A small voice says, “You won’t ever get high again?”

Another voice says, “No, one day. Like in six months, it will be okay to do a few bags, and your tolerance will be so shitty you will feel incredible.”

And then another voice says, “It’s time. Just fucking stop it. You are too old for this to be cute.” I try to hold on to that. I am a former drug addict. Oh god, that sounds terrible.

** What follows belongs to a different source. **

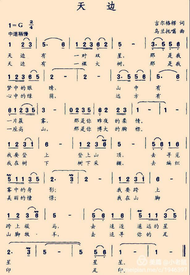 首都机场的再次相遇,勾起了他对那段往事的回忆。于是,当晚他在北京的地下室里写下了一首歌词,并请朋友谱了曲。一首《天边》就这样的诞生了。 这位女外交官就是傅莹,她也是地道的蒙古族,是北外工农兵学员中的佼佼者,口才一级棒。与王冠中一起在新加坡香格里拉年会舌战美国及其鹰犬,为中国扬眉吐气。听了《天边》,了解了背后的故事,更使人对她油然起敬。 又经过几年。一天,女大使兵团战友聚会,大家为女大使唱了这首《天边》。女大使不知道这是谁的作品,她被这首歌给触动了。优美的旋律、动人的歌词。歌声结束女大使的眼角潮湿了,她激动地问战友们:“我在国外就曾听过这首歌,这首歌是谁写的?”战友们告诉她是一位叫吉日格楞的画家写的。她又问:“哪个吉日格楞?”战友们告诉她是内蒙兵团的吉日格楞,这是他为兵团的恋人而作。她沉默了,久久的----,再也没说一句话。

I’m actually clean. The Suboxone is helping me along.

The place they put me in is like a prison with carpeting. There is a door you have to punch a code into to leave.

I scream at my mother, “How can you fucking leave me here?” She just cries. She says she doesn’t know what to do anymore. “So you just fucking lock me up? I have rights.” I didn’t know that my shrink and my mother had conspired when I was in the hospital in New York.

Here, kid, this is what you did with the life that was given to you.

I cry a lot. I think about how Peter would have visited if we were still together. My mother annoys me with her questions, and my brother is eager to get back home. He’s annoyed I do whatever I want, and he has to take time out of his life to deal with my shit. Like I had asked him to come. “Here, deal with my shit.”

Glad-Ass, the head of the useless nurses, says my roommate will be in soon. I ask if she can leave me alone for a while, but she says I’m on twenty-four-hour watch. She follows me to the bathroom and looks directly at me when I pull down my pants and go. She takes me to the rec room, which is just one big room with a couch and a big table, the kind they have at preschools, and a TV and a Ping-Pong table. The whole place feels like an after-school recreation center.